There are regulatory frameworks in the EU and the US to support the development of drugs for rare pediatric diseases.
In the EU, both RPDD and Orphan Drug Designation (ODD) are primarily governed by the same regulatory framework. The regulatory framework for both is established by Regulation (EC) 141/2000. This ensures a consistent approach to ODD, regardless of whether they target rare diseases in adults or rare pediatric diseases.
The evaluation of the RPDD application is conducted by the Committee for Orphan Medicinal Products (COMP). The COMP evaluates factors such as the rarity of the pediatric disease, the potential pediatric population affected, and the scientific rationale for the product’s potential benefit.
Once RPDD is granted, the sponsor becomes eligible for the incentives and benefits provided under the orphan drug framework.

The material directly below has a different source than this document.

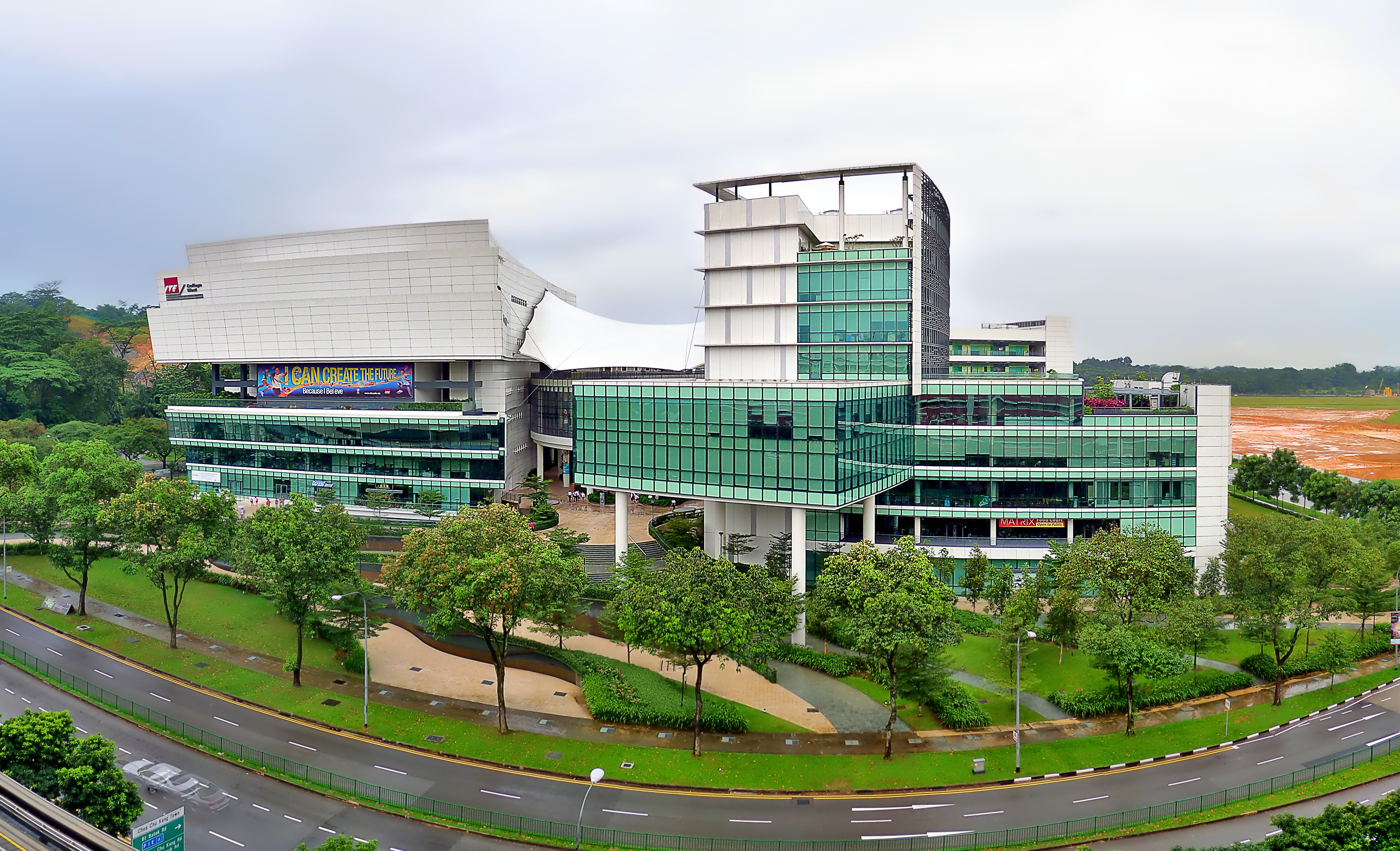 Pano 7 x 1 tile. Taken in the rain....

In the US, the Priority Review Voucher (PRV) program has been established by the US Food and Drug Administration (FDA). It is designed to encourage the development of new drugs for neglected tropical diseases (NTDs) and certain rare pediatric diseases.
Under the PRV program, a voucher can be received that allows for expedited review of a future drug application. The main benefit of the voucher is that it shortens the standard FDA review time for an NDA from 10 to 6 months.
Thus, despite differences between the EU and the US, both regions aim to support the development of treatments for rare pediatric diseases.